I go down to the nervous water,
deep in mammalian blood
I am, I am
not breath, not bird
my body is a poke of air
in the book. And it lets in
the crudest wind, reminder of gold
in the room where we woke up last October
in my father’s house
in the valley
where frost never leaves the cornicing forests
or sets its voice to speak
for the sodas and junipers.
If we could just avalanche into orange
like the song, Mount Eerie would be a genuine place
to kill or not kill the birds we oiled
in the prussian rain, they gleam
doesn’t in the colourless streets.
We share a little nest
of noctilucent materials.
I was jobless
as the natural light, listening
to your comedown opening chord
which is to say, I think we should stop
seeing, I think we should stop
seeing at all. I roll around
in the oil of this
to sob uncontrollable
to stop trying to see you
if a former love should fall
very cool, like a two-minute Uber
costs less than lunch.
could break me
the ultimate mosh is us.
I have said that he could and he could
I have said that too much.
To float like capital
back to your panic
I smooth my sleepless residuals.
Ducked it, ducked it
you come back, holding a blink
that time is a gleam, we had a guest speaker
passing out in notional
structures of passion.
I wrote everything down.
It is a wreck to think in the beautiful rain.
It is all that dissolves
I hope to meet in code someday
again, to set this
in parenthesis, very lightly
choosing to run
the artificial palms
horizontal across your eventide.
This was all ours in the poem.
Prospering, we’d know
so much more than mineral
in the flotsam
way, a lot of coffee
fills our faultlines
and the tar sands sing, and the quicksands
go astray, what of the waters
don’t touch what we were
to sing something
hurting, to rainbow
the quoted weight of your heart
is only debris
I go so long in the rain
to break her
I go so long in the run
as to make a beach
in loops of oil
to empty my purse
of mermaids, to feel like
the only decorated islands
in the United States of America.
This poem was written following a talk I gave on Energy (W)rites: Telling the Embodied Stories of Energy, as part of The Curatorial Fellowship: With the North Sea series at Peacock Visual Arts, Aberdeen.

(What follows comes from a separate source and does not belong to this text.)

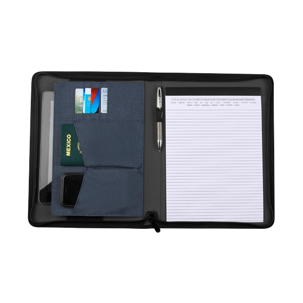 Descripción: CARPETA HAEDI(Incluye block de raya tamaño A4 con 20 hojas, elástico para bolígrafo, compartimento para Smartphone, Ipad y tarjetas. No incluye bolígrafo.) - Material: Curpiel / Poliéster.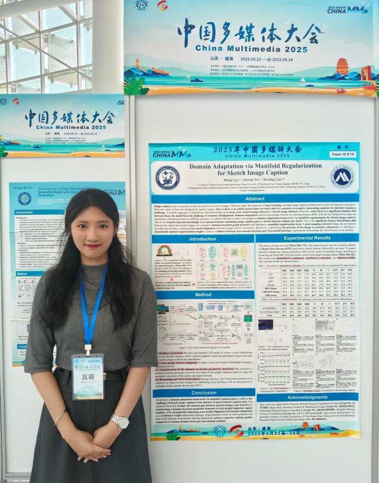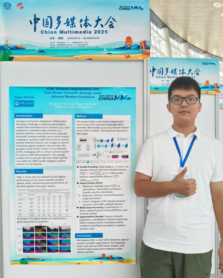 團(tuán)隊(duì)兩篇論文被接收,教師劉寶弟、李天寶、韓沛秀,博士生于浩然,碩士生呂萌、田朔塵參加此次會(huì)議。會(huì)上,呂萌、田朔塵分別展示了其在無標(biāo)簽跨域草圖描述及惡劣天氣場(chǎng)景語義分割的研究工作。其中,《Domain Adaptation via Manifold Regularization for Sketch Image Caption》提出了一種針對(duì)跨域草圖描述任務(wù)的無監(jiān)督領(lǐng)域自適應(yīng)框架。通過引入流形正則化約束及動(dòng)態(tài)更新的自適應(yīng)權(quán)重,有效緩解了自然圖像與草圖圖像的顯著特征分布差異,實(shí)現(xiàn)了無配對(duì)標(biāo)注數(shù)據(jù)的草圖語義生成?!禨CM: Semantic Segmentation with Dual-Stream Semantic Synergy under Adverse Weather Conditions》提出了一種在惡劣天氣條件下進(jìn)行跨域語義分割的方法。通過DSFF融合域不變特征和分割特征,模型更好地適應(yīng)惡劣天氣條件下的語義分割任務(wù),取得了良好的實(shí)驗(yàn)效果。

It responds specifically to Lana Del Rey’s ‘The Greatest’, where the mournful twangs of a classic rock ballad play out over sunset scenes of Long Beach in the San Pedro Bay, whose four decorative ‘Astronaut Islands’ were built in the sixties to camouflage offshore oil derricks and muffle their sound pollution. Classic rock is a genre and industry founded on oil: vinyl is a type of plastic made from ethylene (found in crude oil) combined with chlorine (found in salt). PVC, the resultant material, is a highly toxic form of plastic, for both our health and the environment. Perhaps it’s only ‘natural’ that Lana would style a kind of vinyl-nostalgia to sing of various kinds of tainted existence. If her earlier work was dubbed ‘Hollywood sadcore’, we might note this recent aesthetic shift as something more like ‘anthropocene sadcore’: where the cinematic eulogising of wasted youth, ‘the greatest’ American Dream, is played out against the false beauty of late twentieth-century petroscapes. But alongside oil there is also water, and the brilliance of light, tone and pigment. There is haze and trace and repeat. Lush tints within variant opacity. A khoratic space where the colours soften or harshen into each other and something of form is held between, with varying paleness or intensity. It could be Billie Eilish singing of ‘burning cities / And napalm skies’ in the apocalypse unconscious of her song ‘Ocean Eyes’; it could be a flare of orange burning into Grimes’ ‘permanent blue’, its elegia for opioid bliss and extinction. The weird pleasure vistas of a scene we can’t quite name. An improvised blur or break. What the water speaks as a force of shimmer. The accompanying visual works are by multimedia artist and sculptor Jack O’Flynn.